▸ INPUT DATA
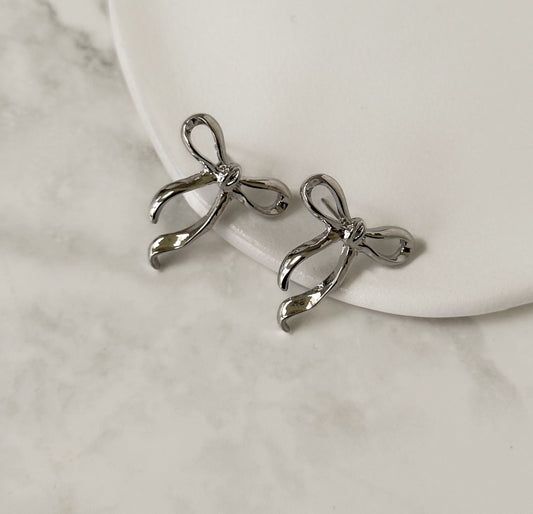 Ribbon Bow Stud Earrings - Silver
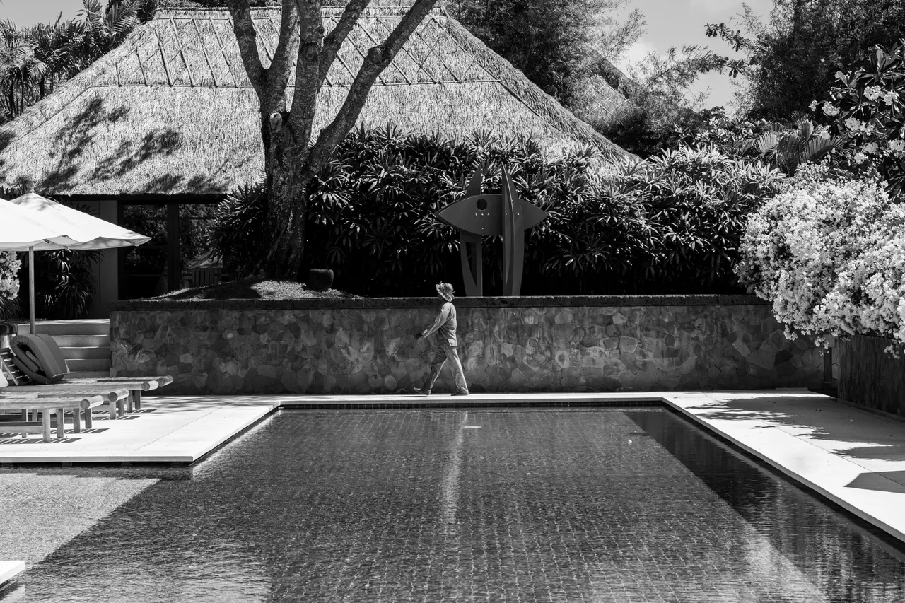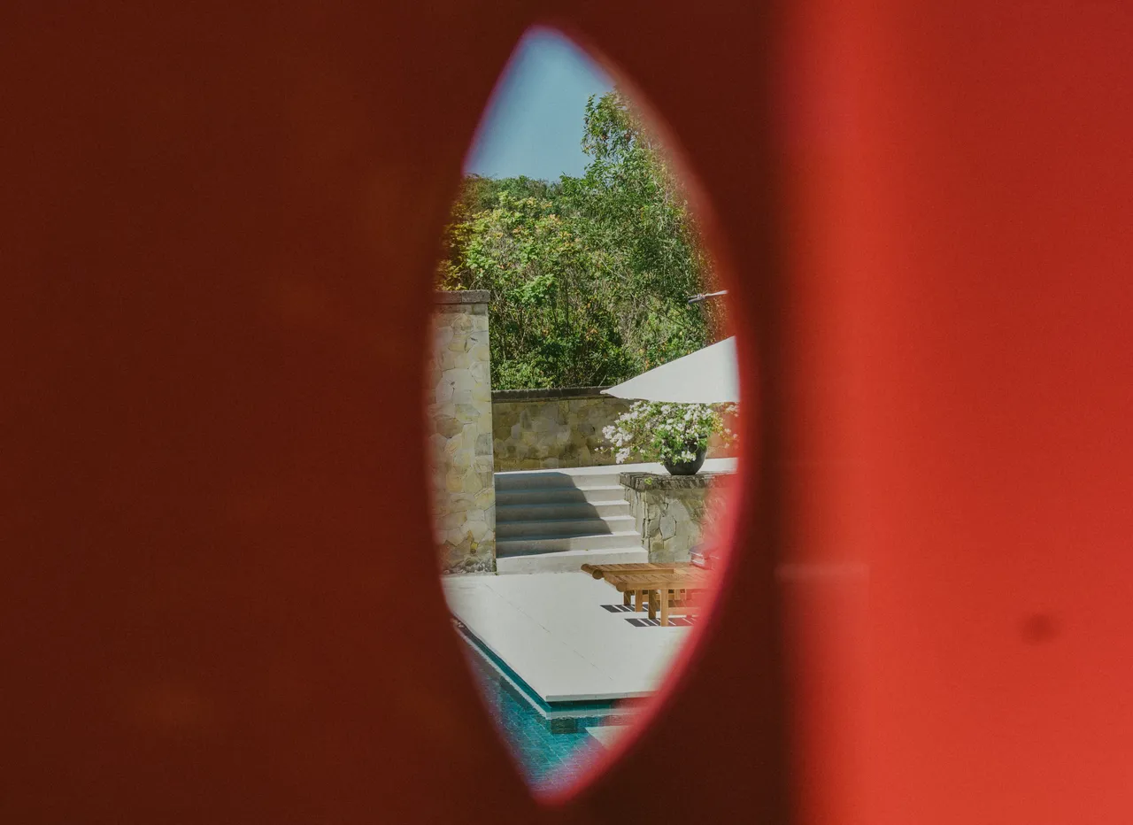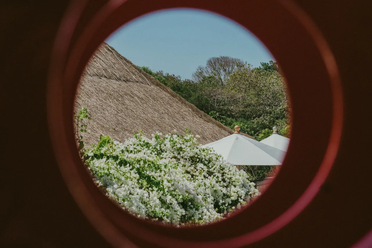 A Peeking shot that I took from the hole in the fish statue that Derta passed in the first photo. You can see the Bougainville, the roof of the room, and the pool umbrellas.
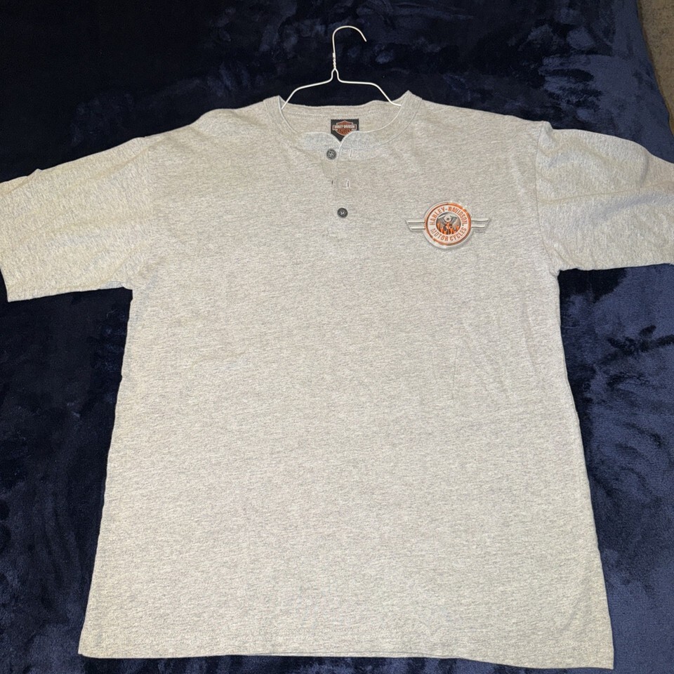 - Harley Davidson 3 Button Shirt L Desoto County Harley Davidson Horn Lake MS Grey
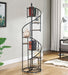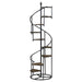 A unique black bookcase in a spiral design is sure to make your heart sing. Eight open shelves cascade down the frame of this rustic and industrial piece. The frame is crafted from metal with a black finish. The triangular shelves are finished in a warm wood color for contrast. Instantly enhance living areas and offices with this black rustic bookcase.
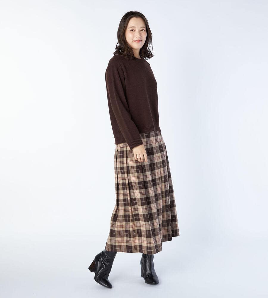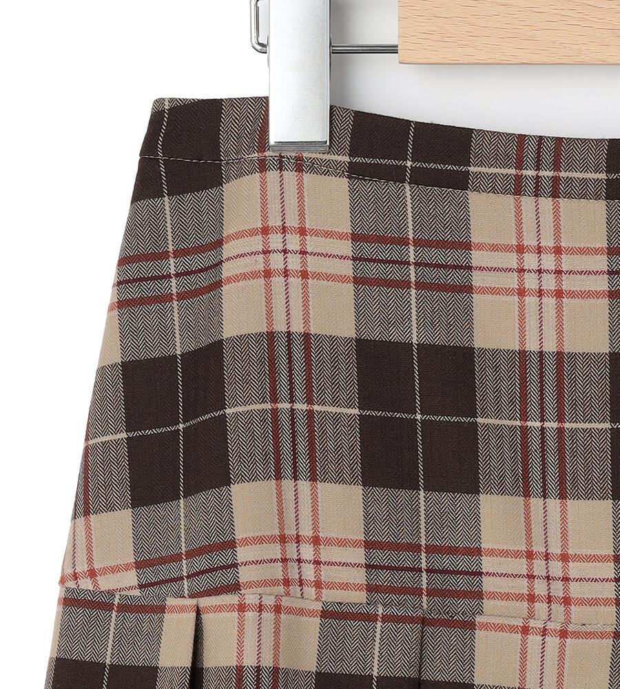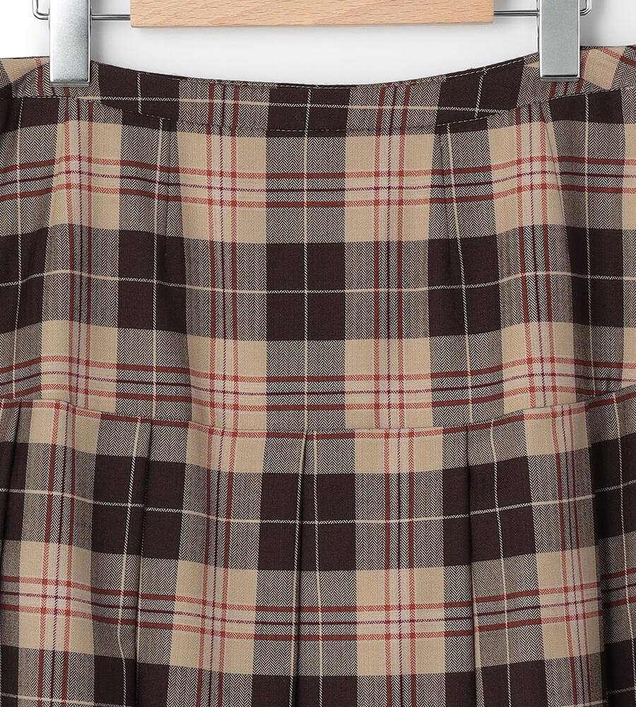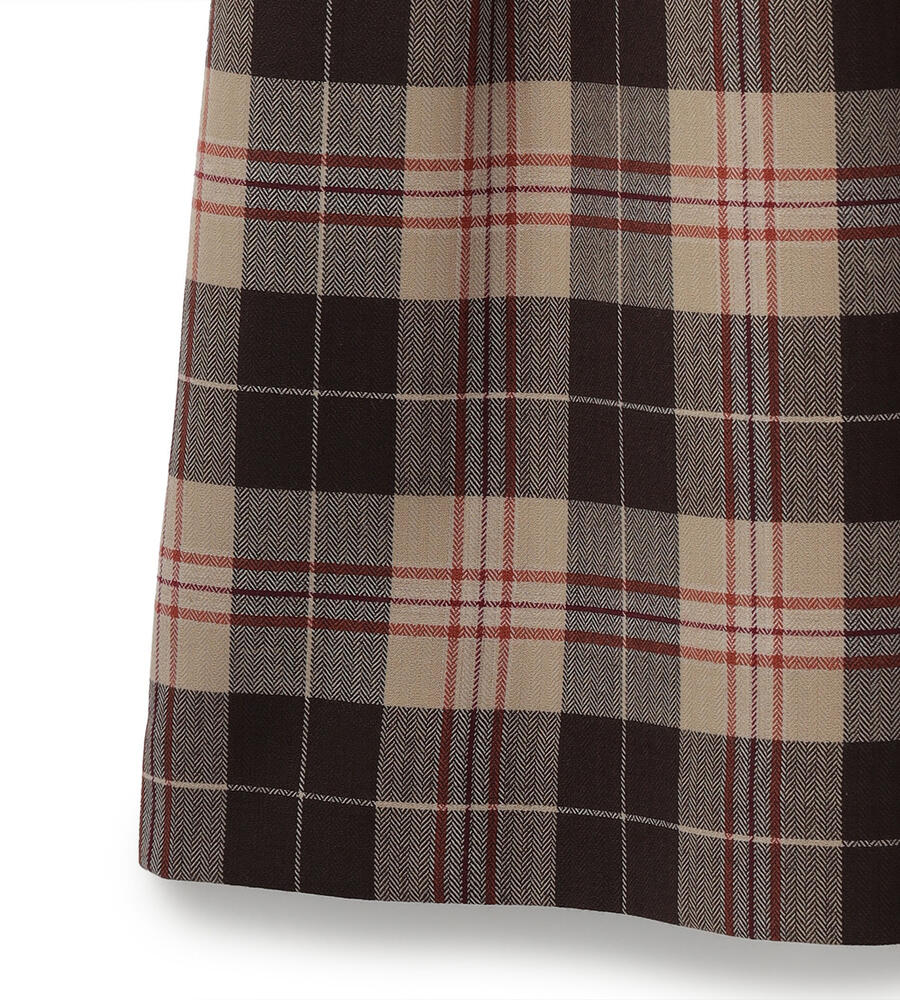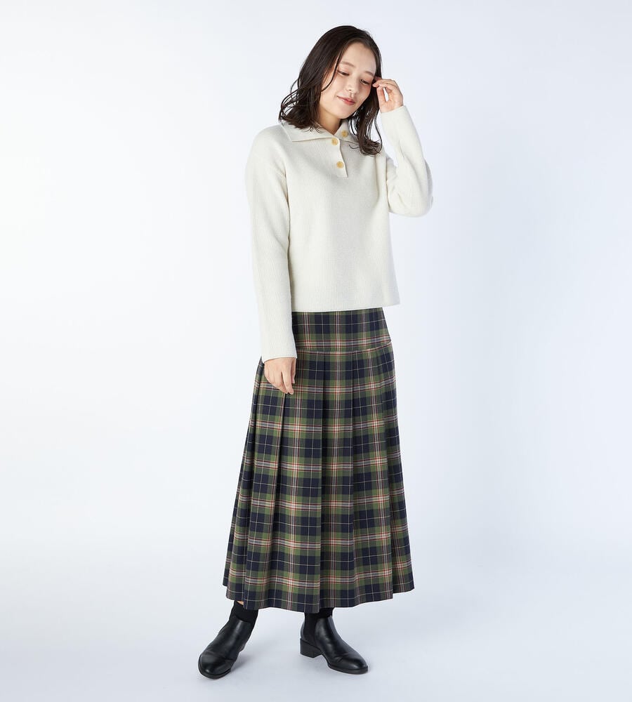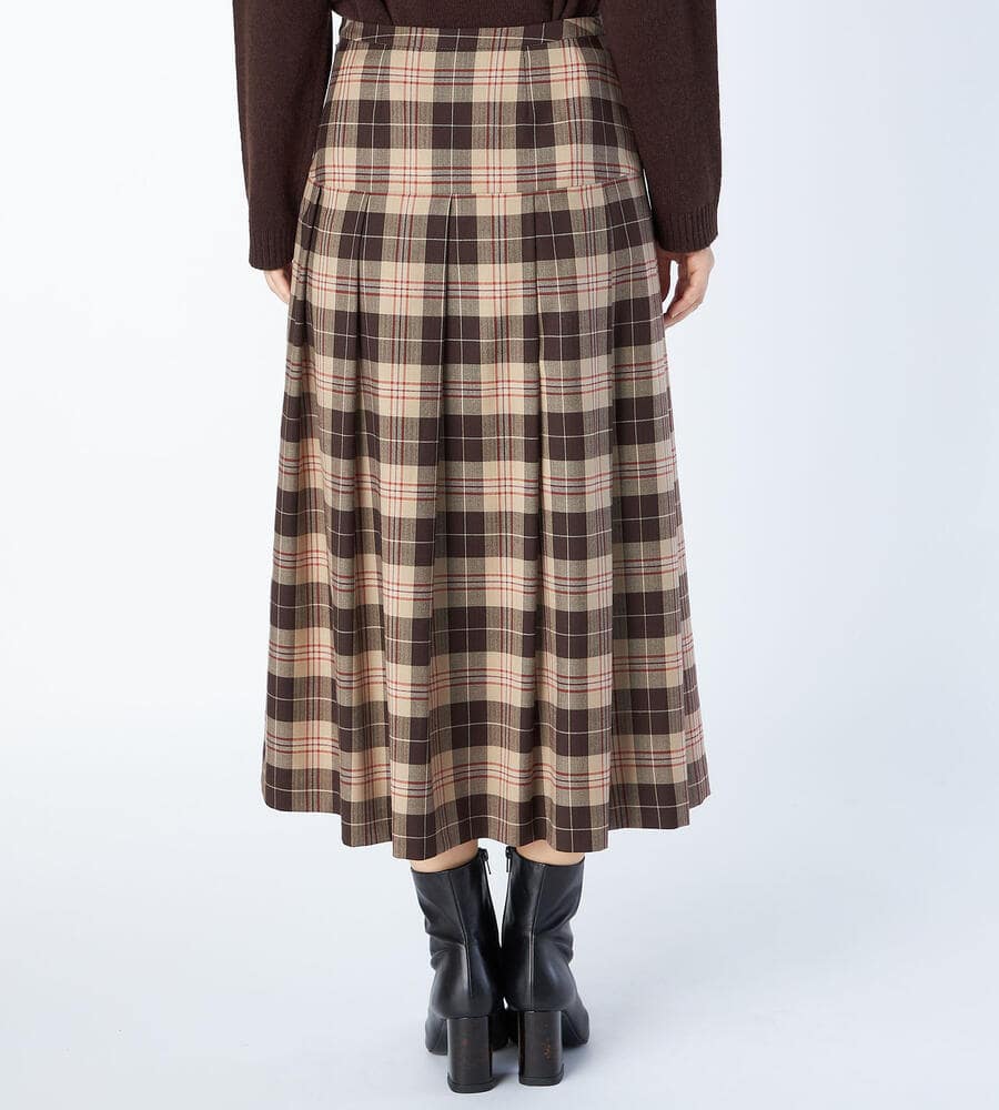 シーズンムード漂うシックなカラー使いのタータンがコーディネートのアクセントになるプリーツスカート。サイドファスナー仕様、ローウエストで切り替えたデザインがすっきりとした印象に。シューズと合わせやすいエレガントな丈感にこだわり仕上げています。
* * *
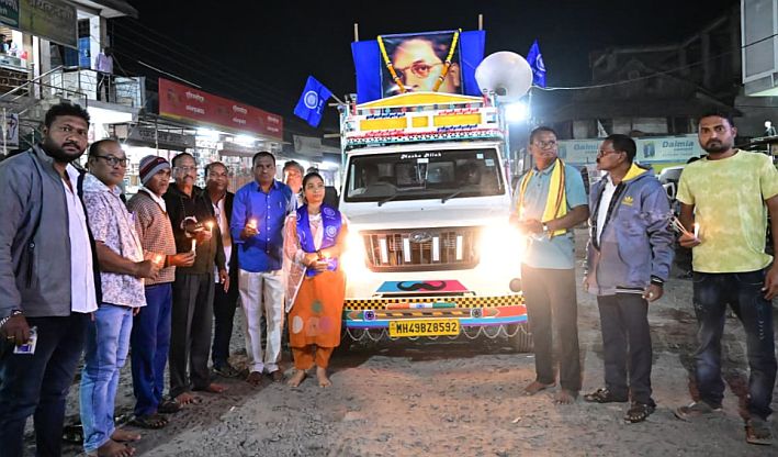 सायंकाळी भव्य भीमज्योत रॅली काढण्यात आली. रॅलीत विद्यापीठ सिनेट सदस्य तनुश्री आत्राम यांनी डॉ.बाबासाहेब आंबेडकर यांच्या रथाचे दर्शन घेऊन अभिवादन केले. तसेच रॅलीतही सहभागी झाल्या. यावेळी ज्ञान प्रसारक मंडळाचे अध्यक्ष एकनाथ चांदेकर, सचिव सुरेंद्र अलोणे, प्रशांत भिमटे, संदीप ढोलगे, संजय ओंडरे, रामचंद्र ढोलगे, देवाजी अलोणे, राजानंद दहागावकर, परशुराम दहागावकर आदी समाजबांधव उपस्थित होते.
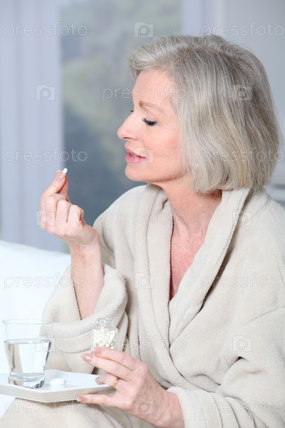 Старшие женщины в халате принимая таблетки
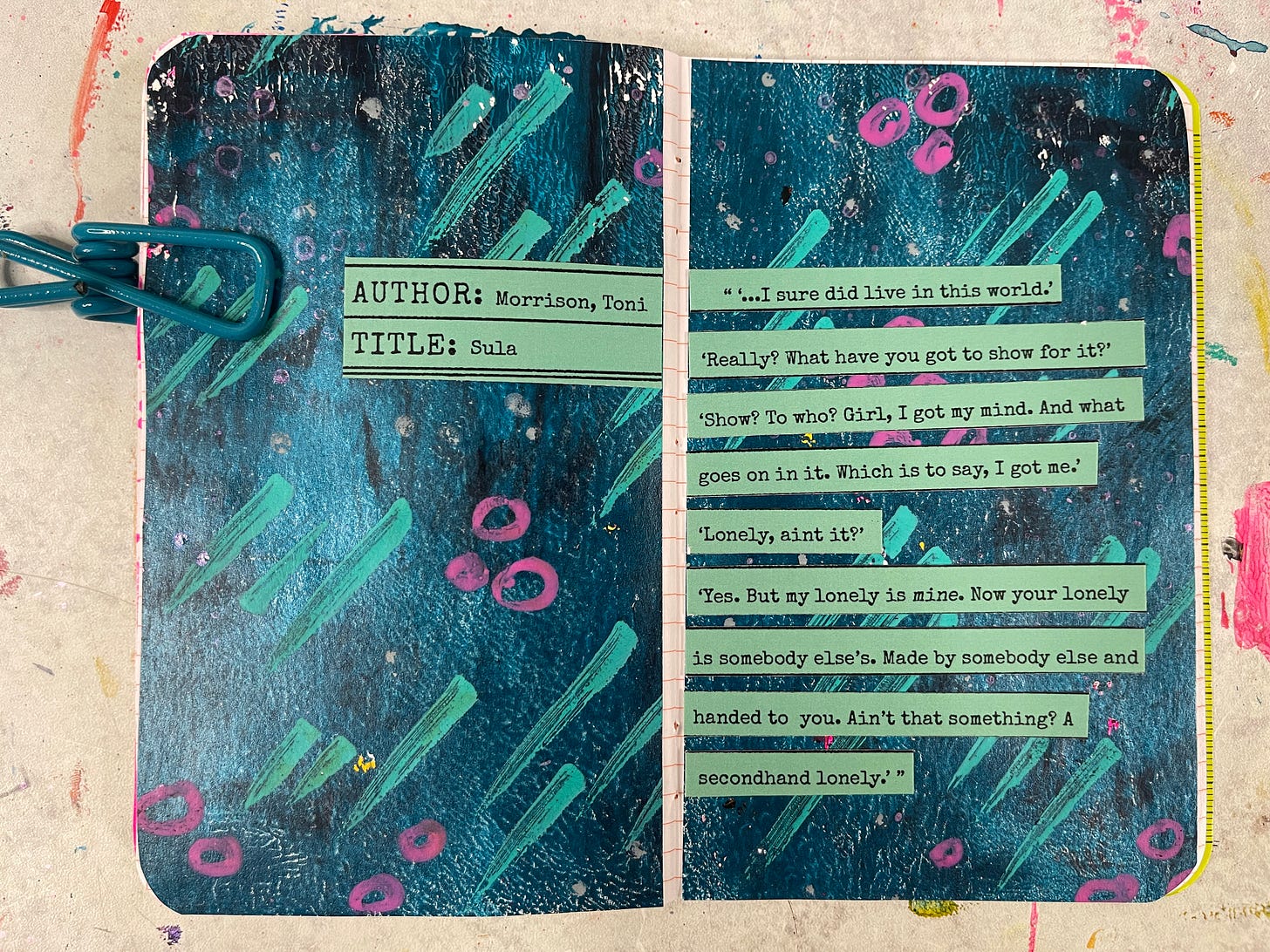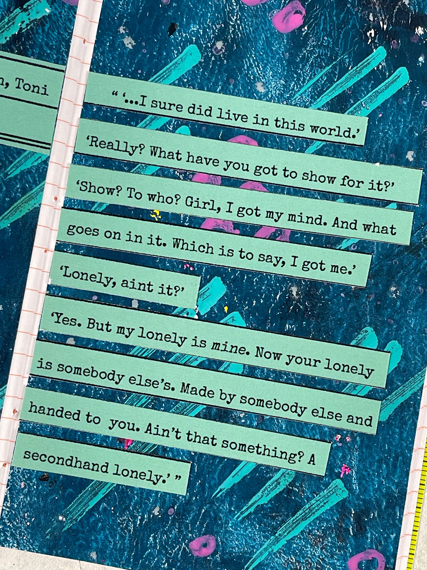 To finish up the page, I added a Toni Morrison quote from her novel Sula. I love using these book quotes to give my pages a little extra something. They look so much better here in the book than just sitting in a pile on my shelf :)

▸ WHAT TO PRODUCE
With the pictures left out, write out exactly the lines above from the one containing "Ribbon Bow Stud Earrings - Silver" through the one containing "シーズンムード漂うシックなカ".

▸ SOLUTION TO THIS EXERCISE
 Ribbon Bow Stud Earrings - Silver
 A Peeking shot that I took from the hole in the fish statue that Derta passed in the first photo. You can see the Bougainville, the roof of the room, and the pool umbrellas.
 - Harley Davidson 3 Button Shirt L Desoto County Harley Davidson Horn Lake MS Grey
 A unique black bookcase in a spiral design is sure to make your heart sing. Eight open shelves cascade down the frame of this rustic and industrial piece. The frame is crafted from metal with a black finish. The triangular shelves are finished in a warm wood color for contrast. Instantly enhance living areas and offices with this black rustic bookcase.
 シーズンムード漂うシックなカラー使いのタータンがコーディネートのアクセントになるプリーツスカート。サイドファスナー仕様、ローウエストで切り替えたデザインがすっきりとした印象に。シューズと合わせやすいエレガントな丈感にこだわり仕上げています。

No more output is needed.